Однако постоянно действовали не только сдерживающие, но и скрытые позитивные силы. Когда китайцы эмигрировали — а эмиграция, как показал Джон Кеннет Гэлбрейт в книге «Природа массовой бедности»{7}, представляет собой процесс самоотбора людей, стремящихся к достижениям, — они почти всегда оказывались в ситуации, когда сдерживающие силы ослабевали: в большинстве обществ, куда китайцы эмигрировали, экономическая активность оказывалась более престижной (и, более того, она стала таковой на Тайване и в Корее, а теперь и во Вьетнаме, и в самом Китае). В чужеродном окружении семья или клан становились чрезвычайно важным институтом взаимопомощи, особенно ввиду того, что большинство эмигрантов были выходцами из Южного Китая, где клановая структура была наиболее развитой; бремя, связанное с почитанием родителей, зачастую исчезало благодаря географической разделенности; и наконец, китайцы, находящиеся вдали от родины, не были вынуждены иметь дело с конфуцианским (а также марксистским/маоистским) сращиванием политики и экономики, лежавшим в основании непропорционально большого и удушающего влияния мандаринов на экономическую жизнь, — точно так же, как это перестало быть угрозой, когда Дэн Сяопин провозгласил: «Обогащение — дело славы и доблести».

С ослаблением сдерживающих сил традиционной китайской культуры взрывной потенциал позитивных сил в значительной степени реализовался не только на Тайване, в Южной Корее, а теперь и в самом Китае, но и у китайцев Гонконга, Сингапура, Таиланда, Индонезии, Малайзии, Филиппин и далее везде, включая США. И впечатляющие результаты Японии отчасти имели своей движущей силой те же самые конфуцианские идеи, хотя и действующие в иной ситуации.
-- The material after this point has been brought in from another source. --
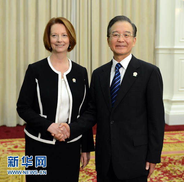11月20日,國(guó)務(wù)院總理溫家寶在金邊會(huì)見(jiàn)澳大利亞總理吉拉德。新華社記者張鐸攝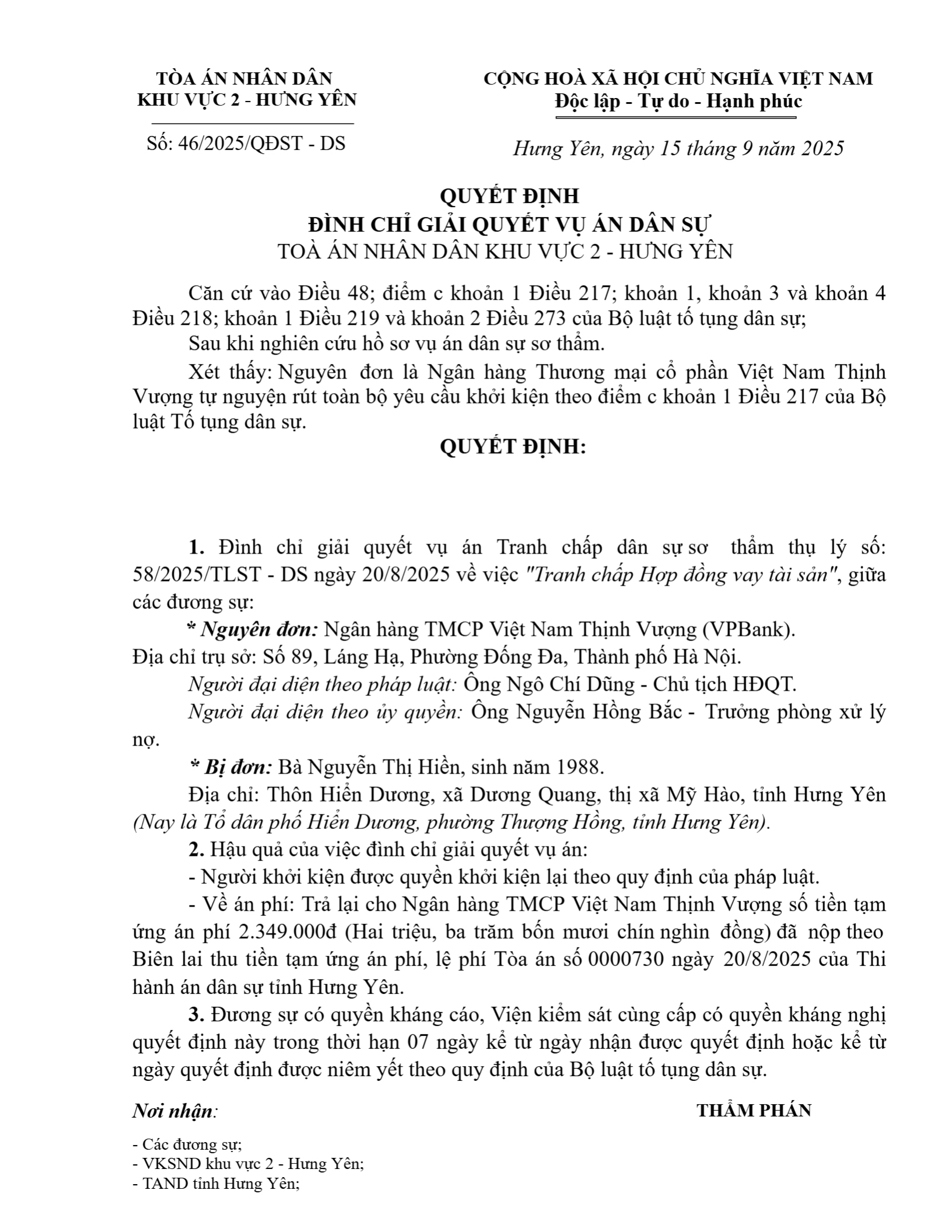 Quyết định số 46/2025/QĐST-DS ngày 15/09/2025 của Tòa án nhân dân khu vực 2 - Hưng Yên, tỉnh Hưng Yên về tranh chấp hợp đồng vay tài sản

Эдвард Мейсон и его коллеги ставят «приводящий в замешательство вопрос, почему конфуцианская культура, придающая столь малую ценность деловой активности, смогла приспособиться к появлению столь большого числа успешных предпринимателей»[162]. Мне кажется, ответ заключается в существовании конфликтующих течений в самом конфуцианстве. Нейтрализуйте силы, подавляющие предпринимательство (в первую очередь, удушающее воздействие бюрократии), и одновременно повысьте престиж предпринимательства — и вы получите критическую массу мотивации к достижениям, которая будет приближаться к мотивации веберовских кальвинистов. Эмброуз Кинг, объясняя необычайно высокий уровень предпринимательской активности в Гонконге, отмечает: «В отличие от имперского Китая самый перспективный путь к высокому социальному положению в Гонконге заключается не в том, чтобы стать чиновником или ученым — он лежит через приобретение богатства в мире бизнеса»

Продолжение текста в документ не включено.